Segment Open

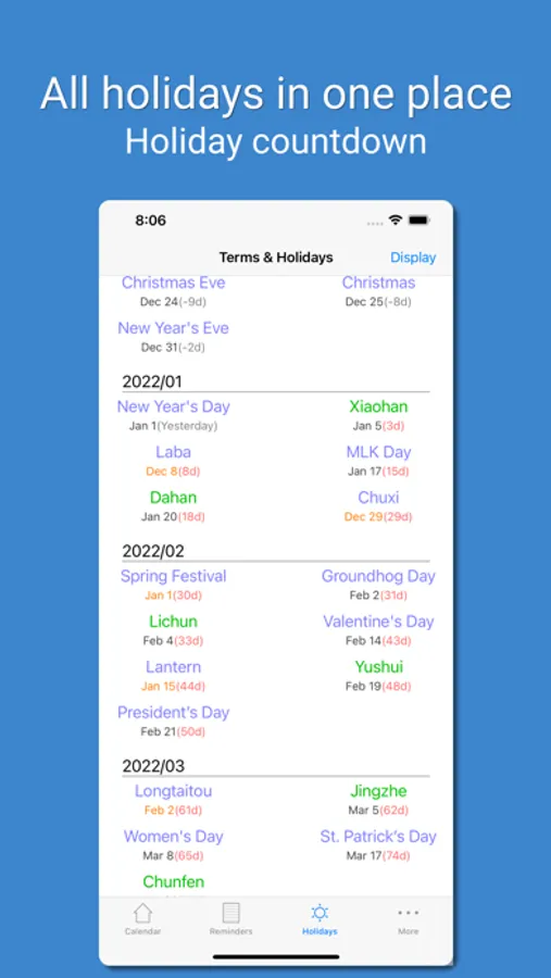 2) Region specific holidays.(United States, Japan, South Korea, China mainland, Hong Kong, Taiwan)
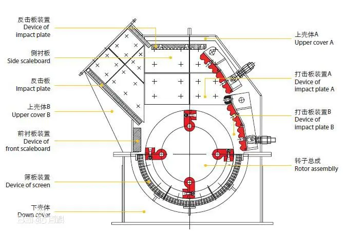 Құрылым қарапайым және корпус, ротор және әсерлі тақтайшадан тұрады. Әсер етуді ұсатқыштың негізгі жұмыс бөлігі - бұл тақтайша балғалары бар жылдам айналатын ротор. Имперациялау процесінде, материалдық блоктар бір-бірімен соқтығысқан. Материал пластиналы балғамен соғылған сайын, әсерлі плитаның және соқтығысудың бір-бірінің арасындағы соқтығысу, жарықтар мен қопсытулар үнемі пайда болады, ол әдетте ұсақтауға әкеледі. Әсер ету құрылғысы пластиналы балғамен соққыға төтеп беру үшін қолданылады және оны қалпына келтіреді. Негізгі компонент - бұл болат тақтайшалармен дәнекерленген әсер тақтасы. Оның әсері бетіне тозуға төзімді төсемелер бар, ал кейбіреулері әсерлі және торлы тақтайшалар немесе торлы тақтайшалар бар.
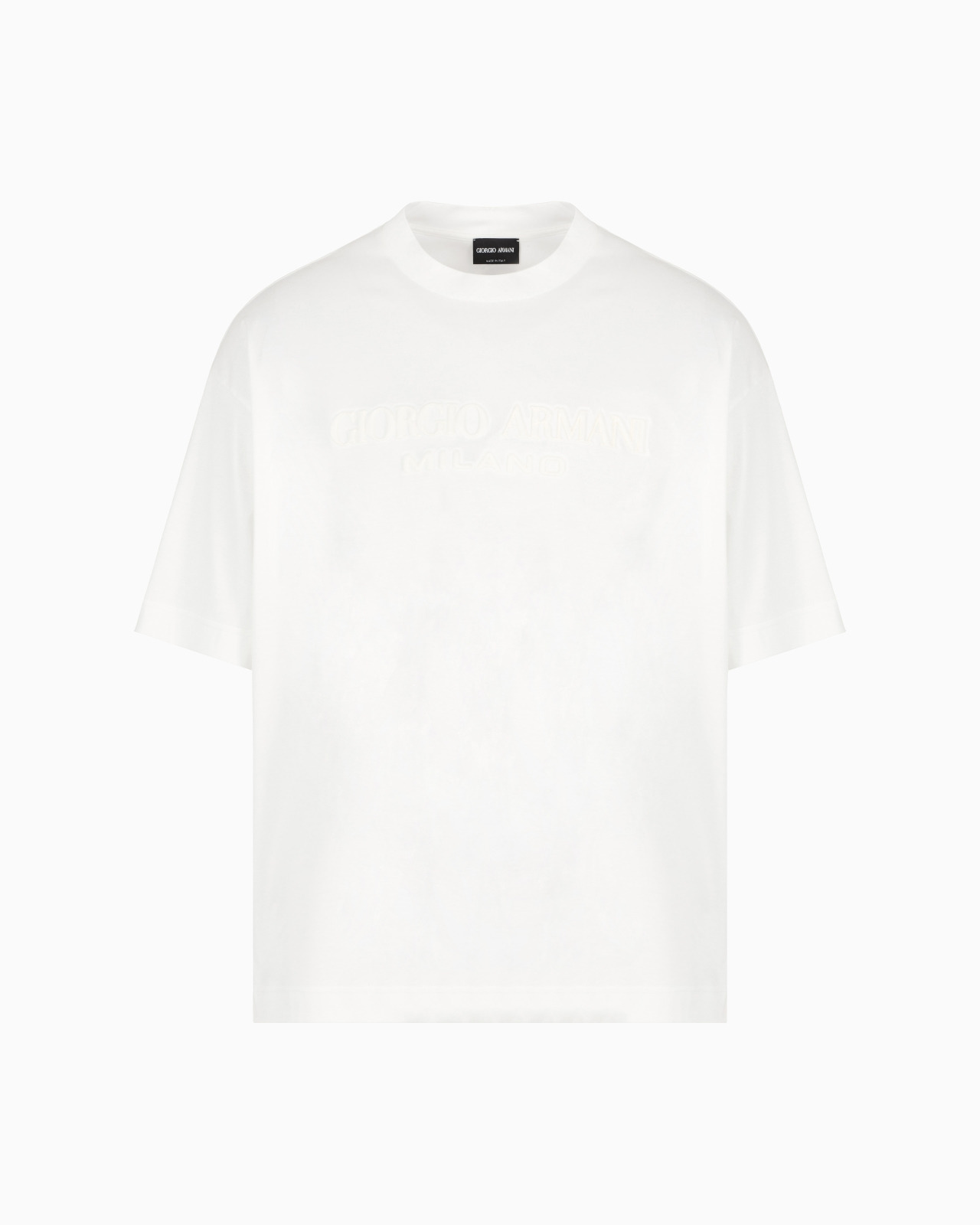 Oversized T-shirt made of cosy cotton, customised by the Giorgio Armani Milano logo created with a monochromatic domed effect. A selection with a modern attitude, perfect for relaxed looks suitable for leisure time. The garment is part of the Denim collection, an apparel selection featuring rich blue denims and relaxed sportswear-inspired shapes that offer laid-back but sophisticated style. Oversized fit Crew neck Short sleeves Embossed Giorgio Armani Milano logo on the chest Made in Italy Product Code: GM000315AF16511U0009

Segment Closed

Work instructions:
Down to the final line, restate the material above word for word, but omit its pictures.

Result of the exercise:
 2) Region specific holidays.(United States, Japan, South Korea, China mainland, Hong Kong, Taiwan)
 Құрылым қарапайым және корпус, ротор және әсерлі тақтайшадан тұрады. Әсер етуді ұсатқыштың негізгі жұмыс бөлігі - бұл тақтайша балғалары бар жылдам айналатын ротор. Имперациялау процесінде, материалдық блоктар бір-бірімен соқтығысқан. Материал пластиналы балғамен соғылған сайын, әсерлі плитаның және соқтығысудың бір-бірінің арасындағы соқтығысу, жарықтар мен қопсытулар үнемі пайда болады, ол әдетте ұсақтауға әкеледі. Әсер ету құрылғысы пластиналы балғамен соққыға төтеп беру үшін қолданылады және оны қалпына келтіреді. Негізгі компонент - бұл болат тақтайшалармен дәнекерленген әсер тақтасы. Оның әсері бетіне тозуға төзімді төсемелер бар, ал кейбіреулері әсерлі және торлы тақтайшалар немесе торлы тақтайшалар бар.
 Oversized T-shirt made of cosy cotton, customised by the Giorgio Armani Milano logo created with a monochromatic domed effect. A selection with a modern attitude, perfect for relaxed looks suitable for leisure time. The garment is part of the Denim collection, an apparel selection featuring rich blue denims and relaxed sportswear-inspired shapes that offer laid-back but sophisticated style. Oversized fit Crew neck Short sleeves Embossed Giorgio Armani Milano logo on the chest Made in Italy Product Code: GM000315AF16511U0009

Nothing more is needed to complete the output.